Dave Dobbyn chronology
| The Optimist (1984) | Footrot Flats: The Dog's Tail Tale (1986) | Loyal (1988) |

Singles from Footrot Flats: The Dog's Tale
- "Slice of Heaven" Released: 12 September 1986; "You Oughta Be In Love" Released: 21 December 1986;

= Footrot Flats: The Dog's Tale (soundtrack) =

Footrot Flats: The Dog's Tail Tale is the soundtrack to the New Zealand animated film, Footrot Flats: The Dog's Tale. In February 1987, the album spent two weeks in the top five of the New Zealand albums chart.

==Background==
Tim Finn was originally offered the chance to orchestrate the soundtrack.
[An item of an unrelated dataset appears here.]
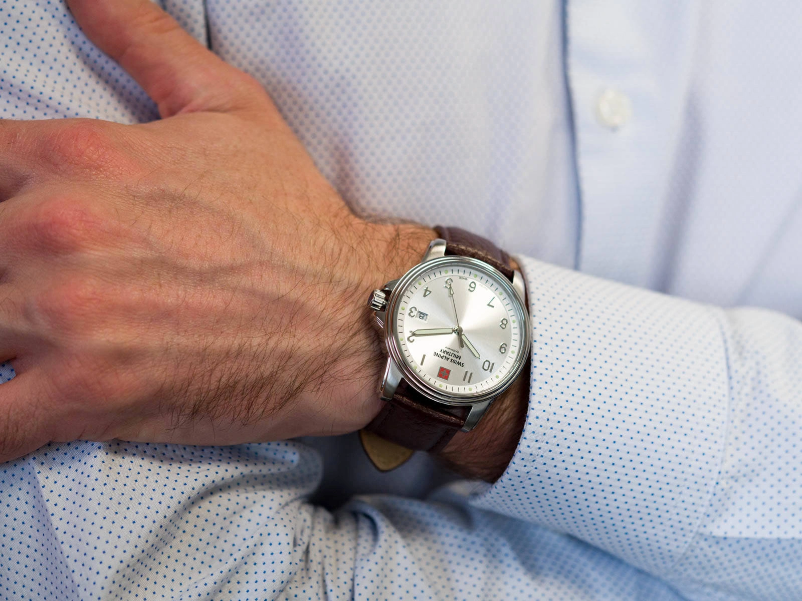 Swiss Alpine Military SAM7011.1532 jest ofertą skierowaną do nowoczesnego mężczyzny. Ten europejski produkt wyposażony jest w mechanizm kwarcowy RONDA 515.H. Datownik w tym modelu pokazuje aktualny dzień miesiąca, znajduje się on przy godzinie 3. Wskazówki i indeksy zostały pokryte powłoką Neobrite, która po naświetleniu świeci przez jakiś czas. Klasa wodoszczelności 100M pozwala na pływanie z zegarkiem na ręku. Koperta wykonana jest z wysokiej jakości stali szlachetnej, która została zawieszona na brązowym pasku ze skóry naturalnej. SAM7011.1532 uatrakcyjni każdy codzienny ubiór, sprawdzi się też podczas bardziej uroczystych okazji.

When he turned it down Dobbyn accepted the role.

==Track listing==

- "Nuclear Waste" was originally released on Herbs' 1984 album Long Ago.

Side one
| No. | Title | Length |
|---|---|---|
| 1. | "Footrot Mornin'" (instrumental) | 3:01 |
| 2. | "Let's Get Canine" (featuring Betty-Anne Monga & Ardijah) | 4:14 |
| 3. | "I Dream of Rugby" (featuring Sacred Heart College Choir) | 2:43 |
| 4. | "Sat'dy Arvo" | 3:45 |
| 5. | "Horse's Beat" (instrumental) | 3:04 |
| 6. | "You Oughta Be in Love" (featuring Ardijah) | 3:53 |
| Total length: |  | 20:40 |

Side two
| No. | Title | Length |
|---|---|---|
| 7. | "Vernon the Vermin" (featuring Ardijah) | 3:18 |
| 8. | "Cooch" (instrumental) | 2:20 |
| 9. | "Nuclear Waste" (performed by Herbs) | 3:15 |
| 10. | "Blackwater" (instrumental) | 1:54 |
| 11. | "Lost at Sea" (instrumental) | 3:03 |
| 12. | "Top Dog" (featuring Ardijah) | 3:00 |
| 13. | "Slice of Heaven" (featuring Herbs) | 4:30 |
| Total length: |  | 21:20 42:00 |

Bonus track on 20th anniversary release (2006)
| No. | Title | Length |
|---|---|---|
| 14. | "You Oughta Be in Love (P-Money Remix)" (featuring P-Money) | 3:51 |

== Personnel ==
Personnel as listed in the album's liner notes are:

====Musicians====
- Dave Dobbyn — instruments (1, 3-5, 7, 8, 10-13), vocals (2-4, 6, 7, 12, 13), producer
- Sacred Heart College Choir — backing vocals (3)
- Ardijah
  - Betty Anne Monga — duet vocals (2), backing vocals (6, 7, 12)
  - Ryan Monga — backing vocals (2, 6, 7, 12)
  - Tony Nogotautama — backing vocals (2, 6, 7, 12)
- Herbs
  - Dilworth Karaka — guitar (9), vocals (9, 13)
  - Willie Hona — guitar (9), vocals (9, 13)
  - Charles Tumahai — bass guitar (9), vocals (9, 13)
  - Tama Lundon — keyboards (9), vocals (9, 13)
  - Morrie Watene — saxophone (9), vocals (9, 13)
  - Thom Nepia — percussion (9), vocals (9, 13)
  - Fred Faleauto — drums (9), vocals (9, 13)

====Production====
- Simon Tanks — engineer at CBS Studios
- Graeme Myhre — engineer at Mandrill Studios
- Nigel Stone — engineer at Marmalade Studios

==Charts==

| Chart (1987) | Peak position |
|---|---|
| Australia (Kent Music Report) | 22 |
| Official New Zealand Music Chart | 5 |

==Certifications==

Certifications for Footrot Flats: The Dog's Tale
| Region | Certification | Certified units/sales |
| New Zealand (RMNZ) | 2× Platinum | 30,000^{‡} |
^{‡} Sales+streaming figures based on certification alone.

==Awards==
The soundtrack won a number of awards at the RIANZ New Zealand Music Awards. Both of the Footrot Flat singles were awarded Best Song of the Year at the New Zealand Music Awards (in 1986 and 1987 respectively). Dobbyn also won Best Male Vocalist in 1987 for his work on 'You Oughta Be in Love'.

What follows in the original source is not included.